June 3, 2008 |  7:59 pm

Maryann Mott, who writes exclusively about pets for a variety of national publications, will be blogging at L.A. Unleashed from time to time. She lives in Arizona with K.C., a rescued Akita mix, and Sasha, an energetic 8-year-old Belgian sheepdog. You can see more of her work at petwriter.com.

Dog_walkingFlexPetz caused quite a stir last year after opening its dog renting business in New York, Los Angeles and London. Now animal welfare advocates in Boston are trying to stop the company for setting up shop in their state.

A hearing is scheduled Thursday on House Bill 4753, which would prevent commercial entities from leasing dogs or cats by the hour or day in Massachusetts. If passed, the bill would be the first such law in the country.

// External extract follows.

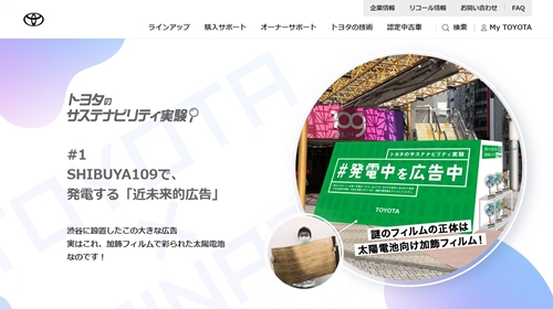 TOYOTA運用自家汽車塗裝技術,開發貼在太陽能板上的彩色薄膜,嘗試達到在無損街道的景觀下,進行太陽能發電的可能。

FlexPetz charges busy urbanites thousands of dollars in yearly fees for the ability to spend time with one of the dogs from their canine fleet of Afghan hounds, Labrador retrievers and Boston terriers.

According to an Associated Report in July, Marlena Cervantes, founder of FlexPetz, bristles when people refer to her five-month-old business as a rent-a-pet service. She prefers the term "shared pet ownership," explaining the concept is more akin to a vacation time share or a gym membership than a trip to the video store.

"Our members are responsible in that they realize full-time ownership is not an option for them and would be unfair to the dog," said Cervantes, 32, a behavioral therapist who got the idea while working with pets and autistic children. "It prevents dogs from being adopted and then returned to the shelter by people who realize it wasn't a good fit."

The company plans to open rental agencies later this year in Boston, Washington, D.C., and Paris. That's got some animal welfare advocates growling.

"FlexPetz sends a contrary message to the public making it socially acceptable to treat dogs as disposal commodities that can be rented for pleasure at their leisure," wrote Bryn Conklin of the Massachusetts Society for the Prevention of Cruelty to Animals to Cervantes in November.

"The MSPCA worries about the impact this message -- both in the short and long term -- will have on the pet owning public and the consequent lack of owner responsibility and commitment to a lifetime of care and concern for canine companions."

A better solution for busy dog lovers is to volunteer at a local animal shelter where they can walk and play with dogs as little or as much as their schedule allows. Not only does the interaction improve the lives of homeless dogs waiting to be adopted but it's absolutely free.